• **AVAILABLE DATA**:

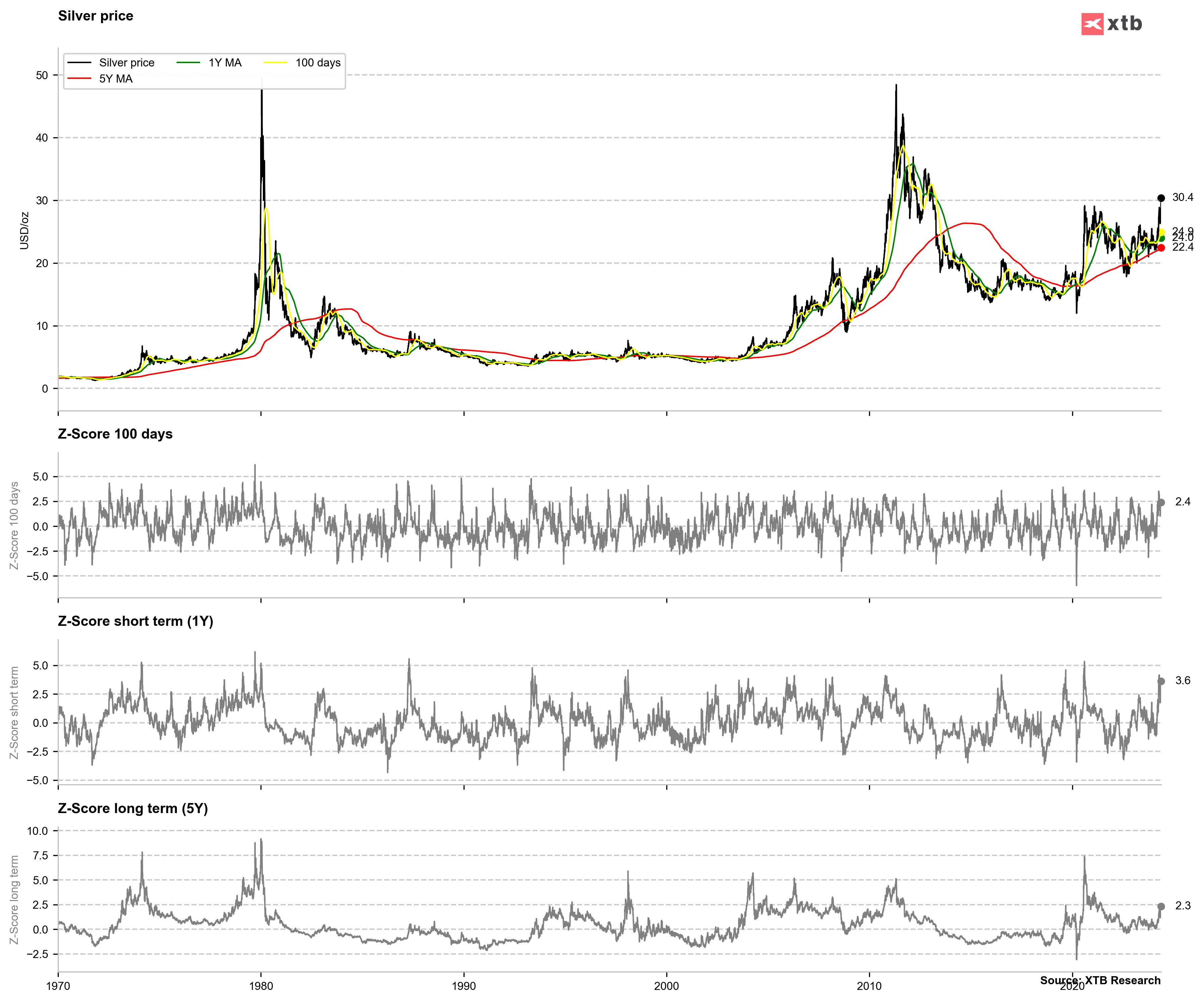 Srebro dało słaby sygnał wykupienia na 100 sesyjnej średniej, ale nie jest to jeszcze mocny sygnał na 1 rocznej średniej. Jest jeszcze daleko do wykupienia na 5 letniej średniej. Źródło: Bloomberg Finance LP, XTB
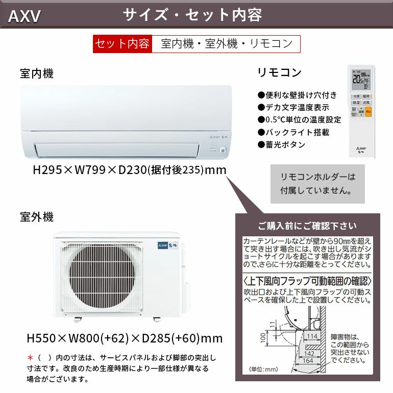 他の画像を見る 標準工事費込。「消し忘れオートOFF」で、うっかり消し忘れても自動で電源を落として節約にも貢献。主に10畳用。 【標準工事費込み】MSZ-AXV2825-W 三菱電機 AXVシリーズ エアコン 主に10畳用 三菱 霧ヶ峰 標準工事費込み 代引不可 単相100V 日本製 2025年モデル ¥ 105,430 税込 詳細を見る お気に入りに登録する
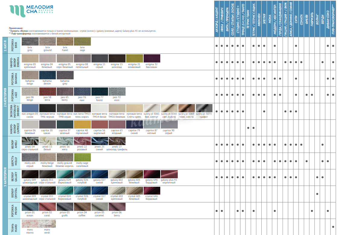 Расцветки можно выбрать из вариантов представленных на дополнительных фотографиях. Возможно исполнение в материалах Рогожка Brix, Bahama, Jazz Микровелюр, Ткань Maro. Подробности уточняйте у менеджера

...

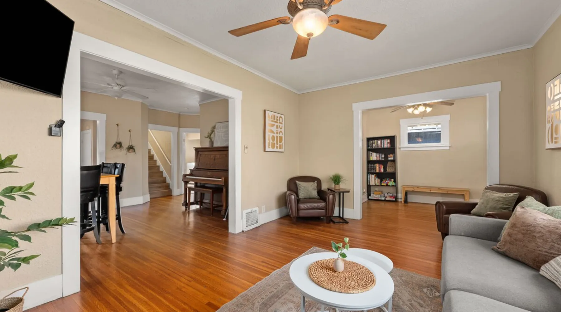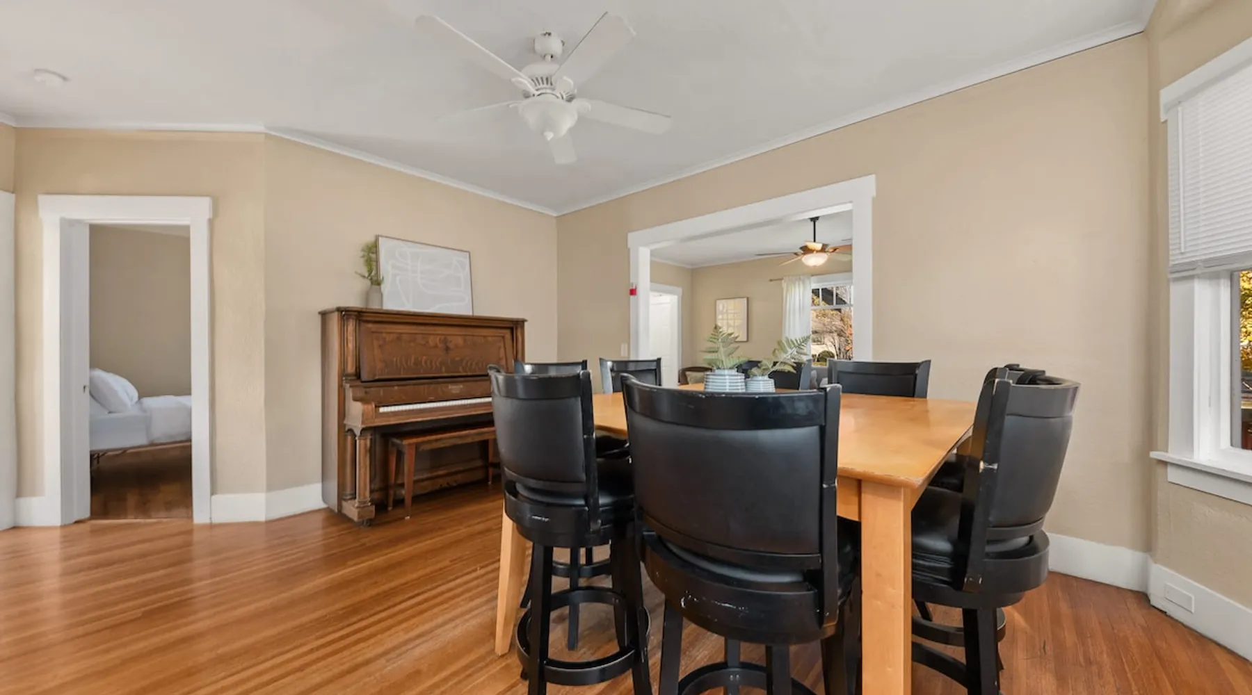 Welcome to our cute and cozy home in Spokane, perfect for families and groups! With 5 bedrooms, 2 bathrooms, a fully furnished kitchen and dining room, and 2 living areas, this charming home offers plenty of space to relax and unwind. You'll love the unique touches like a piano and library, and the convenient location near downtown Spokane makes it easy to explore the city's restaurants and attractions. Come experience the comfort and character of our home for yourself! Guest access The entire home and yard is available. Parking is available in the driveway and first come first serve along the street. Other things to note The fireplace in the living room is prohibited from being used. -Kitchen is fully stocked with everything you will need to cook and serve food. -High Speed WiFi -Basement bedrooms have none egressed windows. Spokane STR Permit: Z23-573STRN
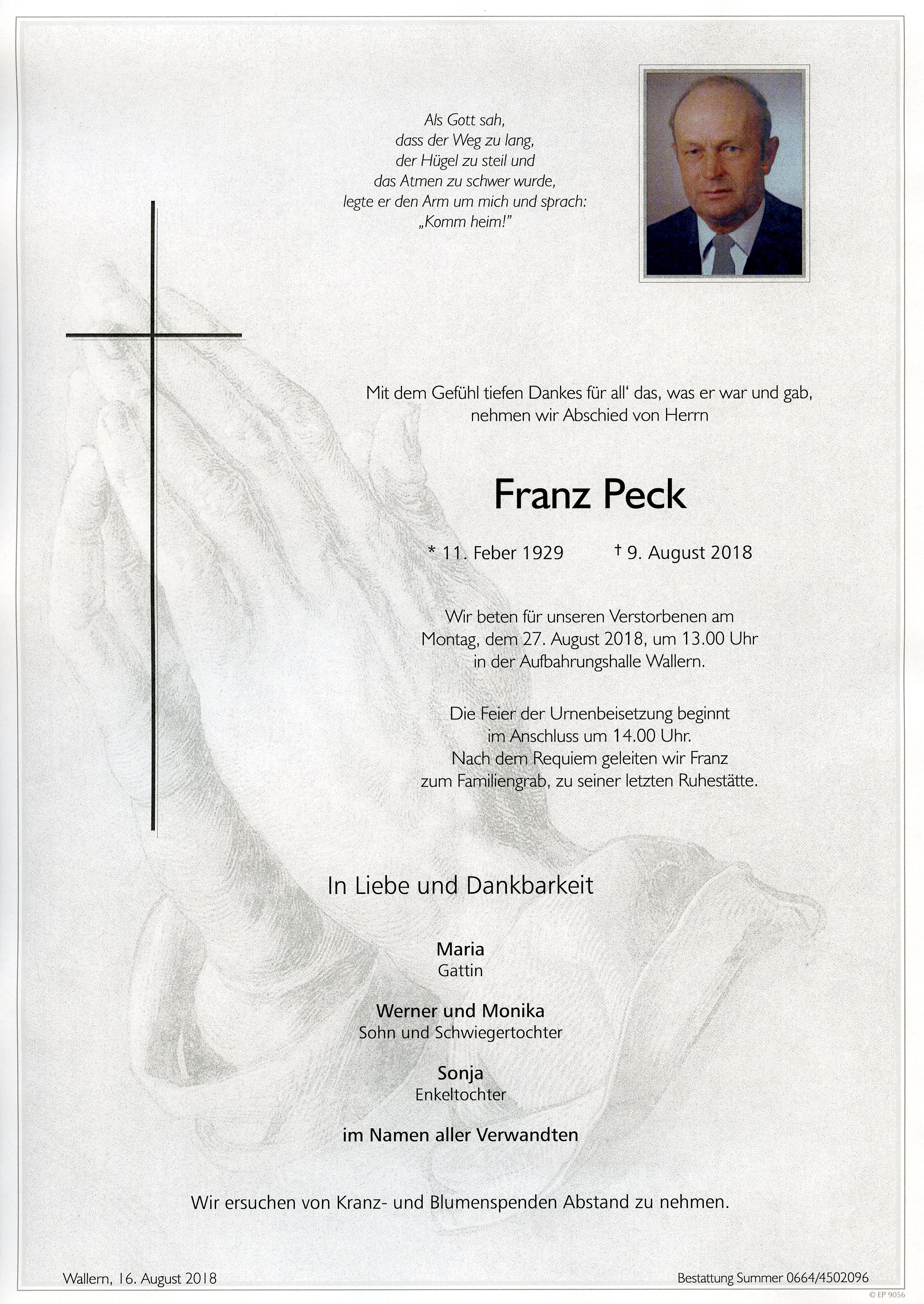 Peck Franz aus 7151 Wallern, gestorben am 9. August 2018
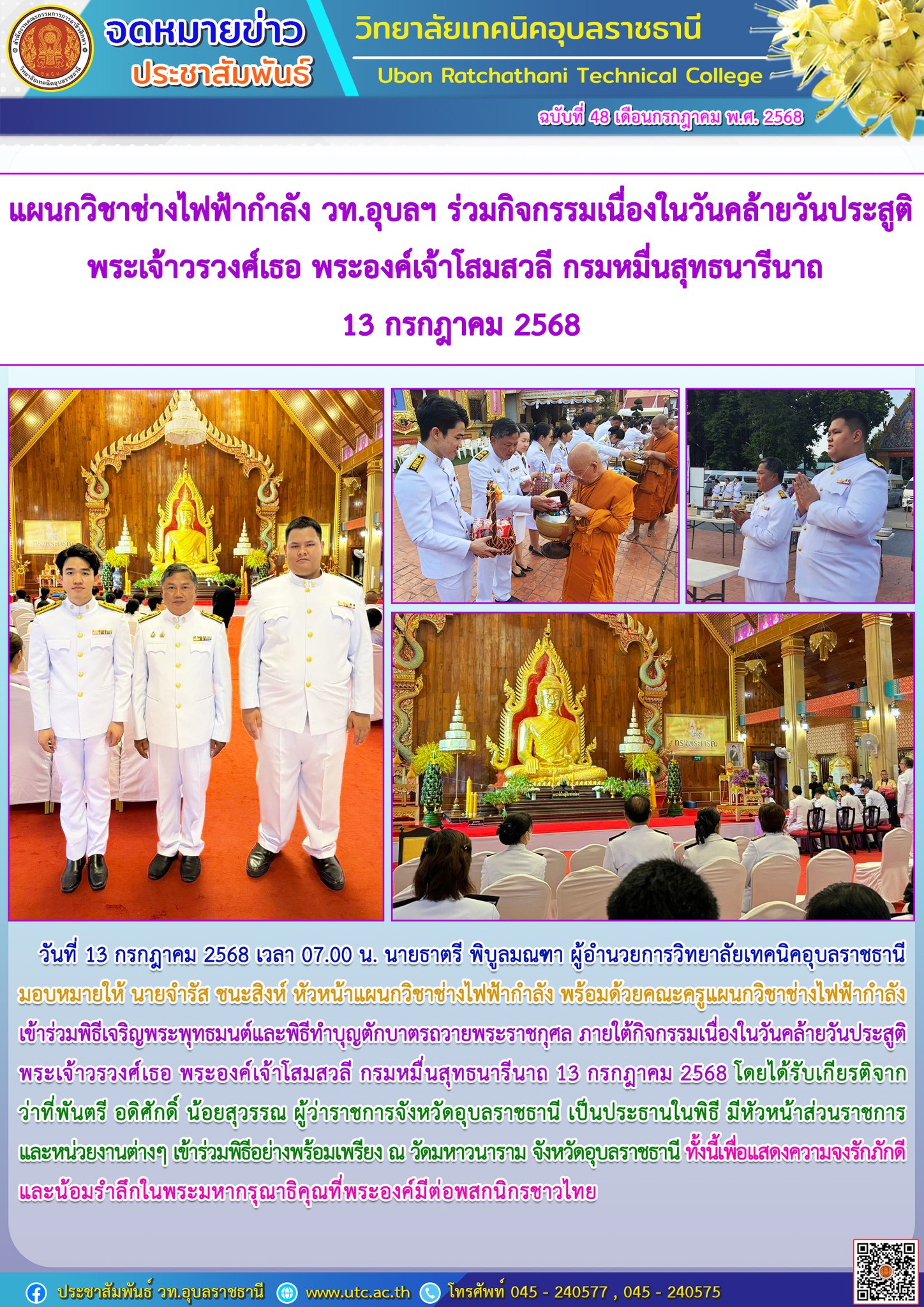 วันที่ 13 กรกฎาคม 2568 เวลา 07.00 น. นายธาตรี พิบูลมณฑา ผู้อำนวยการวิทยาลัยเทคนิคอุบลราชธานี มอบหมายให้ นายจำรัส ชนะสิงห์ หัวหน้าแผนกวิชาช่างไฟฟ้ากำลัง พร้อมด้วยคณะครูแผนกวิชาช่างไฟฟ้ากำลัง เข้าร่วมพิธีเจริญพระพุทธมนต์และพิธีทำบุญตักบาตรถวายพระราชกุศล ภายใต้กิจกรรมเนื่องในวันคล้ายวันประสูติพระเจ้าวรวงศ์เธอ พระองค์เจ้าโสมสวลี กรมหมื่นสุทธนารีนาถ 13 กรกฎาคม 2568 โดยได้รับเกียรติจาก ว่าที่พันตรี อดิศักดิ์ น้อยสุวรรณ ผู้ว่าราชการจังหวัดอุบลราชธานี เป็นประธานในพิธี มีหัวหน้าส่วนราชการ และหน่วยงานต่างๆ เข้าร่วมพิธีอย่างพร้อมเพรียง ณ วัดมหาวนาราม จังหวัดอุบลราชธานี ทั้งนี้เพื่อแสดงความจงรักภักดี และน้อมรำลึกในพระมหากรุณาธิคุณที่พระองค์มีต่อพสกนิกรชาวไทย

==

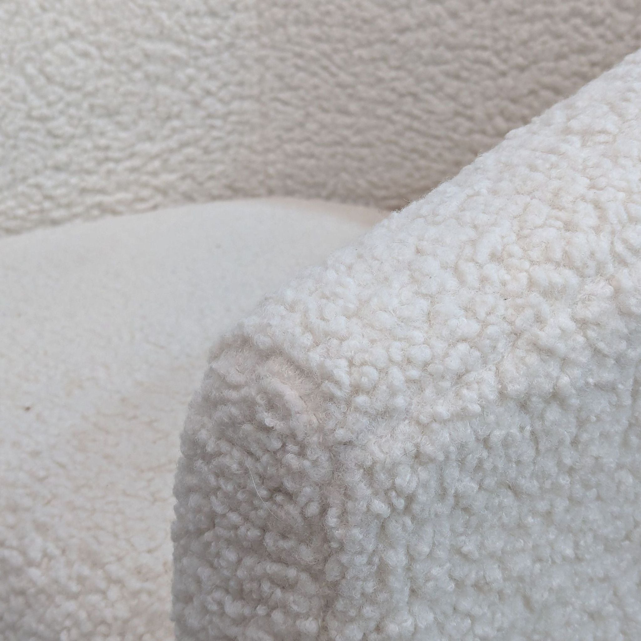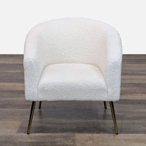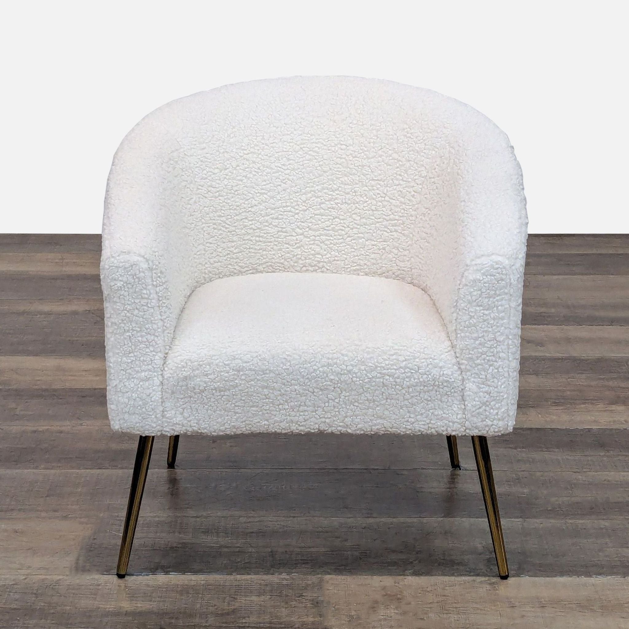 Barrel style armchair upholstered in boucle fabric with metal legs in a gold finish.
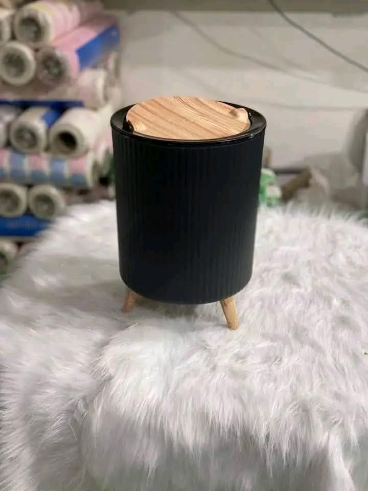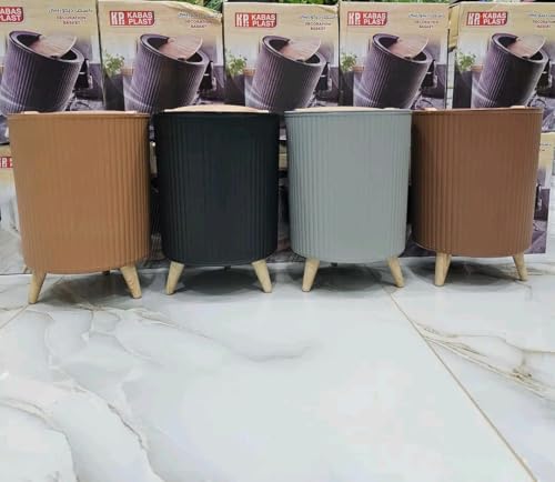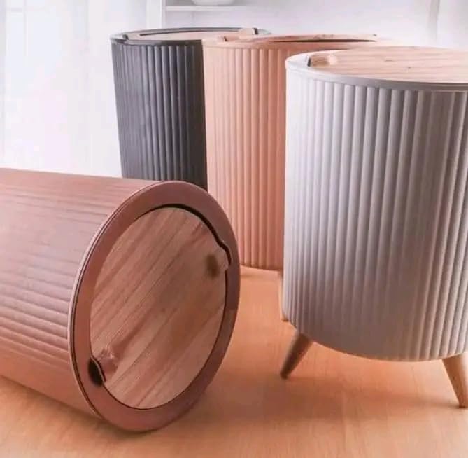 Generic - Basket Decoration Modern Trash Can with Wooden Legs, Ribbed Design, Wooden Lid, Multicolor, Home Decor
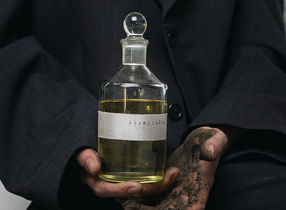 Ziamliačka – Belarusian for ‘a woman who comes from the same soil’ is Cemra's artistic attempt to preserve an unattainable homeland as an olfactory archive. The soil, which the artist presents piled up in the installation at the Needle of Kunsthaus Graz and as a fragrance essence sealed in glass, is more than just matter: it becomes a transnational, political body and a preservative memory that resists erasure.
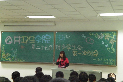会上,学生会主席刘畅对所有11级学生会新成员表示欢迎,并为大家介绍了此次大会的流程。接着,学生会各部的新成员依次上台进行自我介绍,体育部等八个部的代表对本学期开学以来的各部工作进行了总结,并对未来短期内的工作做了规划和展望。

• **EXERCISE DIRECTIONS**:
Above this task is a listing with pictures in it. Retype only the lines from the one containing "Barrel style armchair" through the one containing "会上,学生会主席刘畅对所有1", both included, and not the pictures.

• **RESPONSE BOX**:
 Barrel style armchair upholstered in boucle fabric with metal legs in a gold finish.
 Generic - Basket Decoration Modern Trash Can with Wooden Legs, Ribbed Design, Wooden Lid, Multicolor, Home Decor
 Ziamliačka – Belarusian for ‘a woman who comes from the same soil’ is Cemra's artistic attempt to preserve an unattainable homeland as an olfactory archive. The soil, which the artist presents piled up in the installation at the Needle of Kunsthaus Graz and as a fragrance essence sealed in glass, is more than just matter: it becomes a transnational, political body and a preservative memory that resists erasure.
会上,学生会主席刘畅对所有11级学生会新成员表示欢迎,并为大家介绍了此次大会的流程。接着,学生会各部的新成员依次上台进行自我介绍,体育部等八个部的代表对本学期开学以来的各部工作进行了总结,并对未来短期内的工作做了规划和展望。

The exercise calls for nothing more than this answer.